Here’s where I think it all caught up to me. The stress and avoidance and overwhelm combined into an excuse to delay, which was extended by circumstance after circumstance. I wanted more data, and to learn new phylogenetic methods that might make the existing data more interesting, or maybe a spatial model would help…and so it went. The Boechera virus project landed on my long list of critical tasks, along with my thesis chapters, postdoc applications and then postdoc papers, grant applications, and so on. You know this story. Many of us have experienced this, and most of you seem better than I am at handling everything at the same time. I admit that I feel embarrassed by the long tail on this project that other people have contributed to, but which I have failed to tie off into a timely product.
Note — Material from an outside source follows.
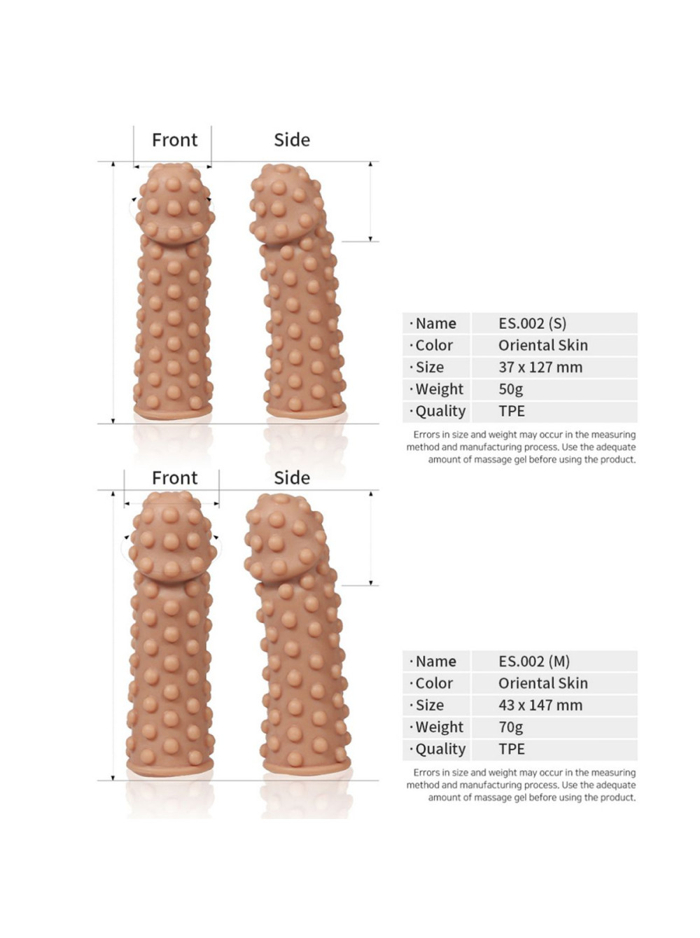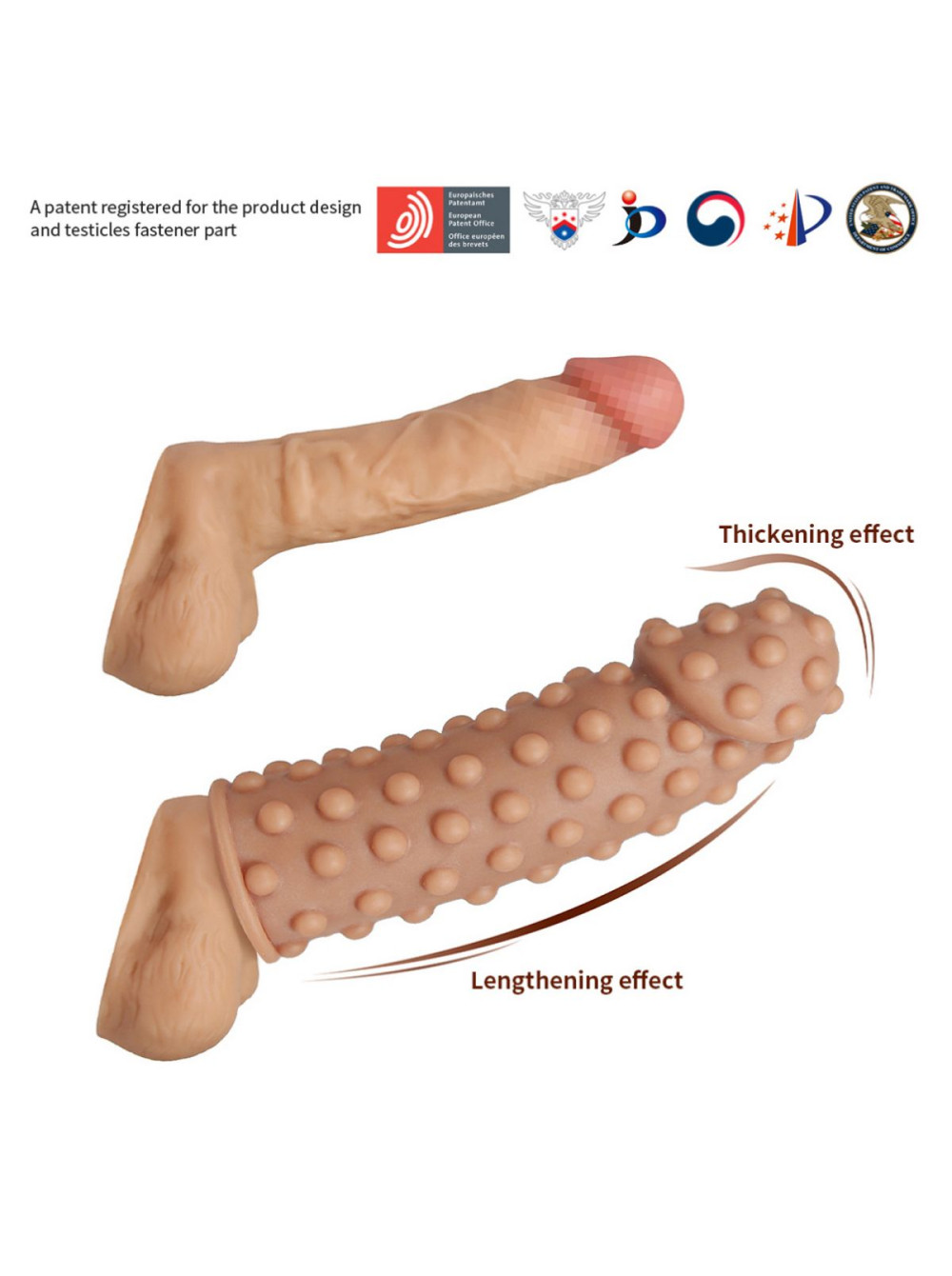 Насадка очень эластичная, имеет бугорки по всей поверхности, для стимуляции эрогенных зон партнера, увеличивает толщину головки и ствола пениса.

And, recently, I have realized that I also feel squirmy when I think about the experiences I had surrounding this work. Science is a practice which is not meant to be personal or emotional. Typically I’m pumped about that because it makes things simpler. Obviously that’s not how the science I’ve described here went down, and I think I’ve been struggling with the fallout from the pandemic without acknowledging it. Now, the scientific (and broader) community is reeling again, but for very different reasons. This time, I want to defy the adversarial winds by being unflappable, and getting my work done. Perhaps the nature of the threat makes me feel stubborn rather than patient, or perhaps because my future in academic research is less certain than ever and I feel renewed urgency to finish projects. Either way, I’m starting with this research that has haunted and encouraged me because I genuinely care that the world sees it. I want to release unto the communities eyeballs my results, in all their dubious glory and with clear implications about climate change and virus epidemiology.
It’s coming, but in the meantime, I hope you’ve enjoyed this slice of humble pie that’s been baking for a few years, but is maybe still too raw? If you found anything in my post relatable, that’s great and I hope it brings a little levity or camaraderie to the existential shame of having too much to do. If not, that’s also great. Regardless, I think most people who read these posts are early career biologists, and I’m a general fan of that crew. We’re doing great, or at least okay, y’all. Keep it up.